Chief Medical Officer at the Coscodeni Primary Health Care Center

To achieve those goals, the project is starting by rehabilitating a network of 65 primary healthcare facilities, and by bringing health services into communities. This effort also reforms how medical institutions are financed, making managers and medical staff responsible for how they manage financing and prioritize investment needs. To date, 39 such new centers have opened across Moldova, with many under construction.

"The government has made the rehabilitation of primary healthcare facilities a priority," underlined Viorel Soltan, Deputy Minister of Health.

Coscodeni has a newly built and equipped clinic, housing physicians as well as an ophthalmologist, pediatrician, and dentist. The physicians are local; the specialists travel to the community a few times a week. Coscodeni's residents appreciate not having to travel to the county seat for medical care.

"It is much better today," said Vasile Banari, Chief Medical Officer at the Coscodeni Primary Health Care Center. "People are very pleased with the fact that they have a health center in the village. We serve smaller villages in the area as well."
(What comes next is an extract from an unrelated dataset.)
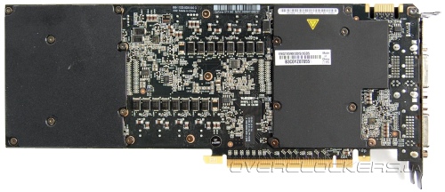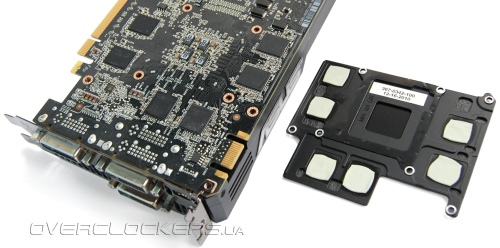На задней стороне есть две пластины-радиатора, которые накрывают микросхемы памяти. Остальная часть платы лишена какой-либо защиты.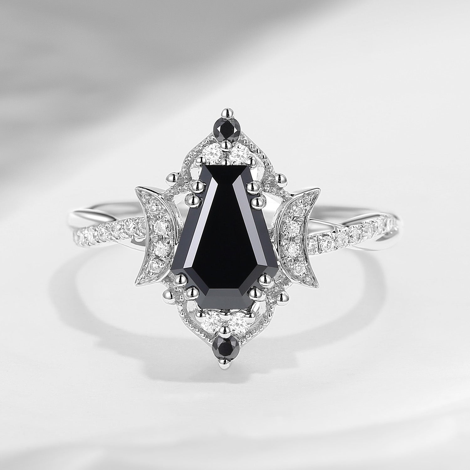 Crescent Moon | Coffin Cut Salt and Pepper Diamond Twisted Engagement Ring Unique Diamond Ring White Gold Vintage Diamond Ring Moon Ring Anniversary Gift

Improving Moldova's primary health care system is only part of the solution. There are too many hospitals and hospital beds in an inefficient secondary health care system. In-patient facilities and hospitals have not been upgraded, renovated or re-equipped in decades, because of lack of funds.

The World Bank is helping the Ministry of Health and the National Republican Hospital identify potential public-private partnerships that are upgrading the country's public hospital system step-by-step so that quality is gradually becoming a norm and not a luxury.